Exercise directions =
Below are the records. Retype exactly the lines between the lines holding "نشرت وكالة ارنا" and "A laser-etched sole", inclusive.

Raw data =
****************************************

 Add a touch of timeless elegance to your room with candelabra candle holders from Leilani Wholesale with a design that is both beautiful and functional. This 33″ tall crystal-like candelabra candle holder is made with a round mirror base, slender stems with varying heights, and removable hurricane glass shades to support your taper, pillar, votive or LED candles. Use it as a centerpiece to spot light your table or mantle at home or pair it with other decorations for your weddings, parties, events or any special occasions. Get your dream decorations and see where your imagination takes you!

****************************************

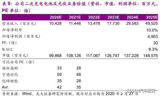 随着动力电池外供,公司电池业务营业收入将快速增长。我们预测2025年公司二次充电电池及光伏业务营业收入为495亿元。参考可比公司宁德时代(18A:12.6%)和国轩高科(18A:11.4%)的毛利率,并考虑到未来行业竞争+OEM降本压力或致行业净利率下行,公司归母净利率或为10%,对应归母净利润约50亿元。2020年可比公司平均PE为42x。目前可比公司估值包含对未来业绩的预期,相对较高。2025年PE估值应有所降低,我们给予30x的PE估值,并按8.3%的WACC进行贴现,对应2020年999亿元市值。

****************************************

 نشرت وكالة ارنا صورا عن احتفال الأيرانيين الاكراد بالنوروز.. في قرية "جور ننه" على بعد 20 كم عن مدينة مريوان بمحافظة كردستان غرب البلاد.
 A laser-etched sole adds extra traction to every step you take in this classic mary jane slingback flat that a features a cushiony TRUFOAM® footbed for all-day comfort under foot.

****************************************

Response =
 نشرت وكالة ارنا صورا عن احتفال الأيرانيين الاكراد بالنوروز.. في قرية "جور ننه" على بعد 20 كم عن مدينة مريوان بمحافظة كردستان غرب البلاد.
 A laser-etched sole adds extra traction to every step you take in this classic mary jane slingback flat that a features a cushiony TRUFOAM® footbed for all-day comfort under foot.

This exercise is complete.